OAuth 2.0 Authorization Server - SSO

This page describes Ubisecure SSO support for the OAuth 2.0 authorization framework.
OAuth 2.0 messages involve credentials and access tokens that allow the bearer to retrieve protected resources. Use Transport Layer Security (TLS) to protect sensitive messages.

About OAuth 2.0 Support

OAuth 2.0 Authorization Framework (IETF, RFC 6749) enables a resource owner to grant a client application access to the owner's service.
Ubisecure SSO can function as an OAuth 2.0 Authorization Server. In this role, Ubisecure SSO authenticates resource owners and obtains their authorization in order to return access tokens to clients.
When using SSO as an OAuth 2.0 Authorization Server, you can register clients in the Ubisecure SSO Management Interface

OAuth 2.0 Authorization in WebSSO Use cases

Ubisecure SSO can function as an OAuth 2.0 Authorization Server to provide a WebSSO user experience for users accessing e-services using a Web browser. In such setups, the browser acts as the OAuth 2.0 Client.

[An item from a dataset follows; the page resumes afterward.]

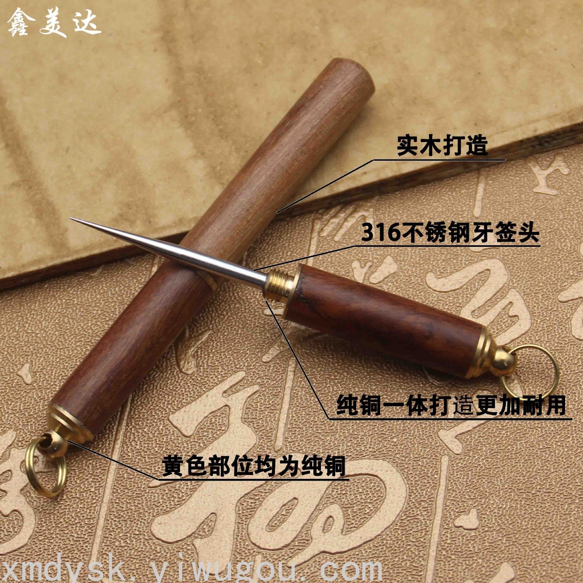 不锈钢牙签收纳 缅甸黄花梨实木牙针便携家用剔牙器成人洁牙器
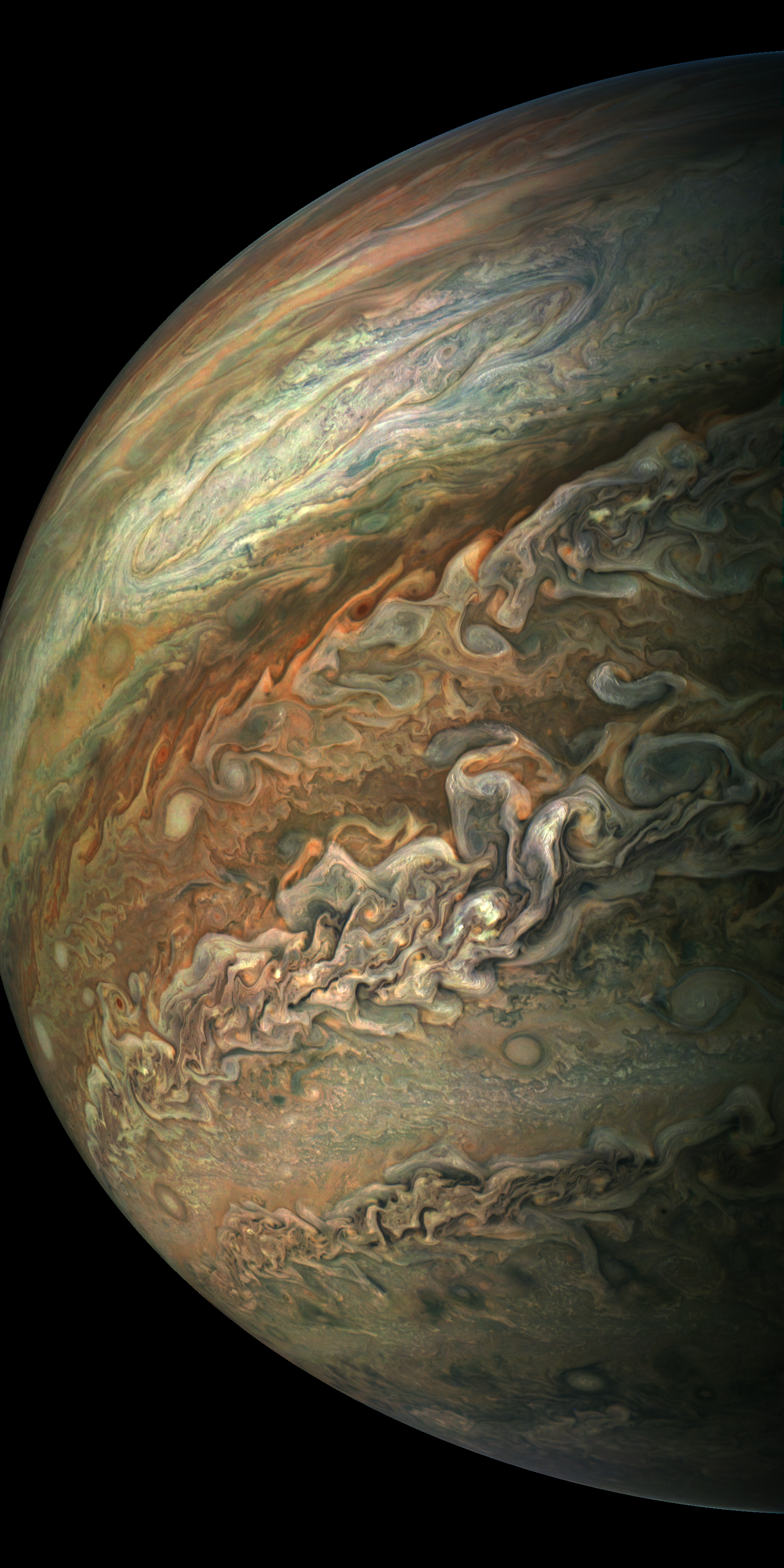 This image is derived directly from the raw image consisting of framelets taken while JunoCam was rotating together with Juno.

The sequence diagram of the OAuth 2.0 Authorization in WebSSO Use cases is described in the page OAuth 2.0 API - SSO, - Authorization code grant and Web Single Sign-On.

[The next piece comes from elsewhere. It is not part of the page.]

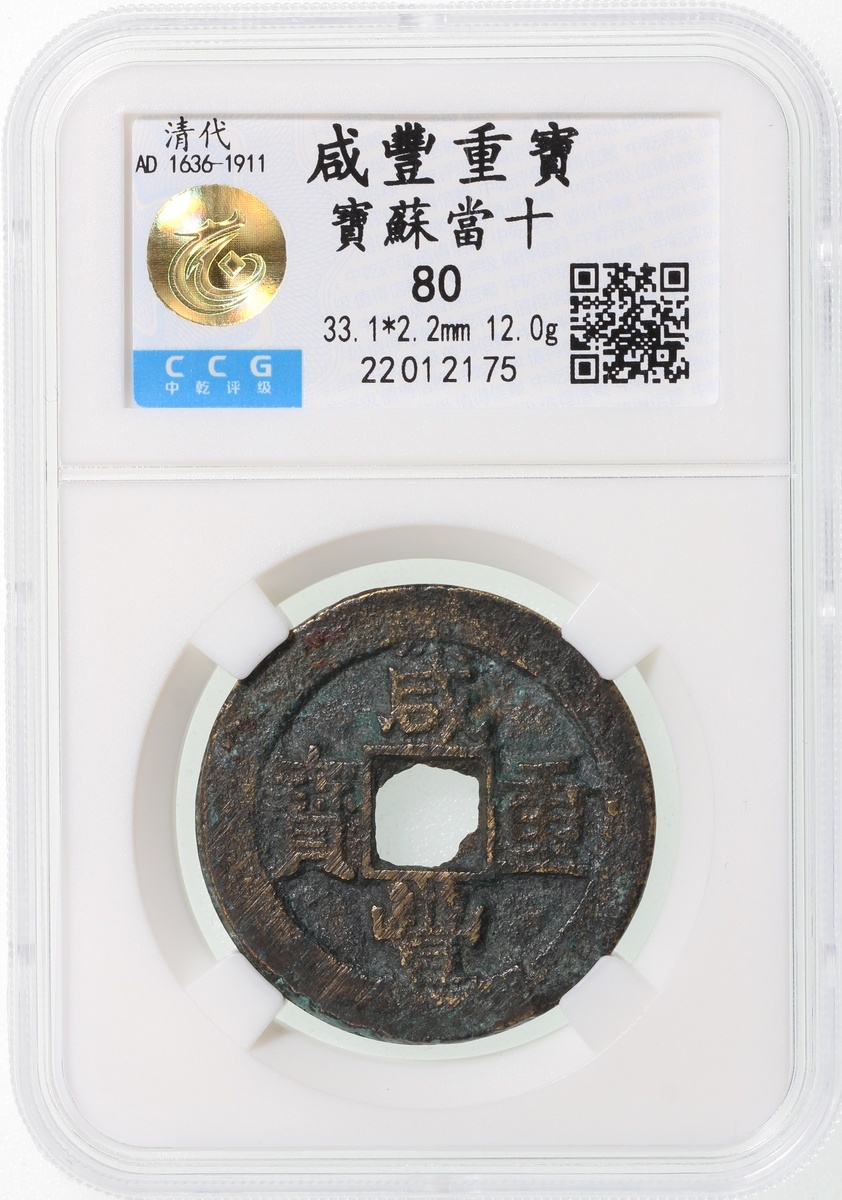 清代咸豐重寶寶蘇當十,中乾評級80,編號22012175

OAuth 2.0 Authorization in Mobile Use cases

Ubisecure SSO can function as an OAuth 2.0 Authorization Server to provide Mobile users a secure access to e-services using a native mobile application, such as Google Android Apps, iOS apps on iPhones or Windows Mobile Apps. In such setups, the native mobile application acts as the OAuth 2.0 Client.

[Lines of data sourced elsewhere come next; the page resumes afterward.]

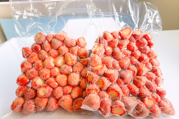 いちごの最適な環境にするためしっかり換気をすることで病害虫の発生を抑制します。元肥追肥に菌源炭をたくさん使用することで水も浄化します。直接、店頭販売するため安心で安全ないちご作りを心がけています。また急速冷凍機にて冷擁しているため、凍結スピードが速くいちご内の水分が凍る温度帯を素早く通過させることができる為氷の水晶の成長を抑制し細胞破壊を限りなく防ぐことができます。いちごの細胞を破壊しないので鮮度、風味、食感を維持することができ冷凍前の美味しさ、品質を解凍時に再現することができます。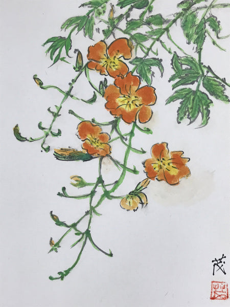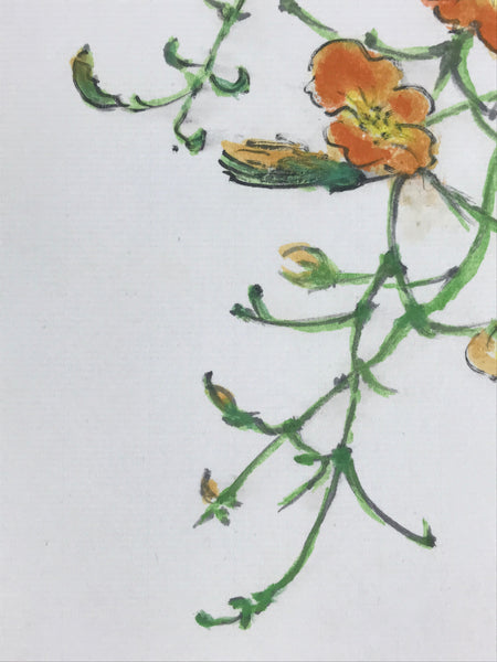 This vintage hand-painted shikishi art board of vibrant orange cosmos flowers is a stunning display piece that can find a place in any home or office decor. In Japan, cosmos are known to symbolize purity and humility. Since they bloom in autumn, the Japanese have lovingly called them akizakura, or "autumn cherry blossoms".
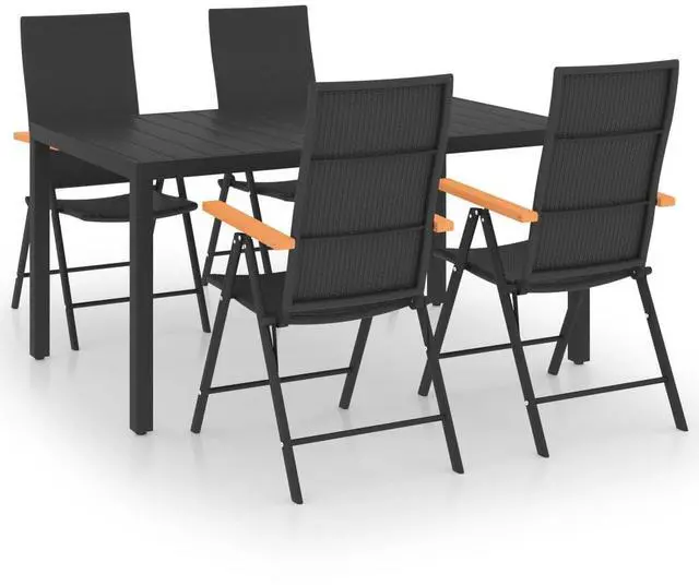 This outdoor dining set brings together practicality and flair, perfect for family meals and gatherings. With a sleek look and smart design, this 5-piece set combines black and brown tones, creating a welcoming space for casual dining and entertaining.
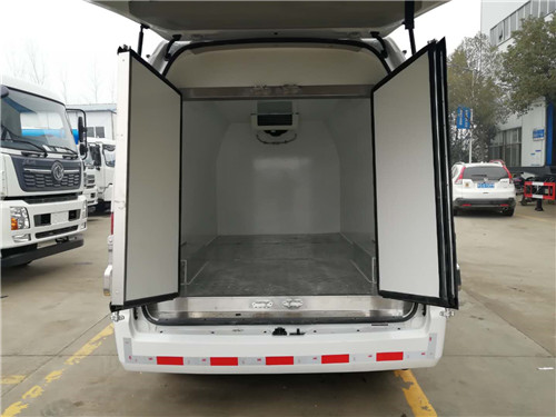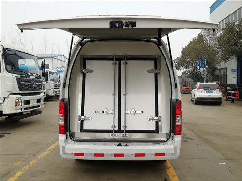 國六福田G9面包冷藏車上裝配置:廂體采用內玻璃鋼板,內膽式一次成型工藝制作,廂體保溫材料采用5個厚聚氨酯發泡,采用漢雪制冷機組溫度可控,最低可調-15度制冷機組,其它標配。國六福田G9面包冷藏車圖片展示:

In a typical mobile use case example a user (resource owner) grants access to a mobile bank application (OAuth 2.0 Client) to access bank account information in the bank's e-banking server (OAuth 2.0 Resource Server).

The following flow diagram indicates the primary roles Ubisecure SSO can have in a OAuth 2.0 protocol mobile use case flow.

The exact sequence diagram of the OAuth 2.0 Authorization in Mobile Use cases is described in Authorization code grant and native applications - SSO.

OAuth 2.0 Authorization of Enterprise Account Users in API Security Use cases

Many e-services and content providers have information and data content which they want to offer their customers and partners through a secure API, to enable easy and secure consumption and aggregation of that data content into various 3^rd party e-services and applications and based on contractual relationships.

In such setups, the portal or e-service of the Enterprise Account Customer acts as the OAuth 2.0 Client, whereas the content provider e-service API is the OAuth 2.0 Resource Server.

In this use case the Enterprise Account Customers are authorized based on the System Account contractually issued to them, based on the business relationship between the Content Provider and the Enterprise Customer.

The sequence diagram of the OAuth 2.0 Authorization of Enterprise Account Users in API Security Use cases is described in page Password grant - SSO.

OAuth 2.0 Authorization of Individual Users in API Security Use cases

In many Internet use cases, some of the data to be presented to n authorized user resides in a backend-server, often provided by a 3^rd party. In these use cases data must be looked up from behind a backend API and the backend serve r and its content is accessed On Behalf of the Authorized User. This setup sometimes referred to as a three-legged OAuth 2.0 use case.

In such setups, the portal or e-service has a dual role: First, it acts as the OAuth 2.0 Resource Server for the OAuth 2.0 Client. Secondly, it also acts as a OAuth 2.0 Client whereas the backend content provider e-service API is the OAuth 2.0 Resource Server.

The sequence diagram of the OAuth 2.0 Authorization of Individual Users in API Security Use cases is described in page Password grant - SSO.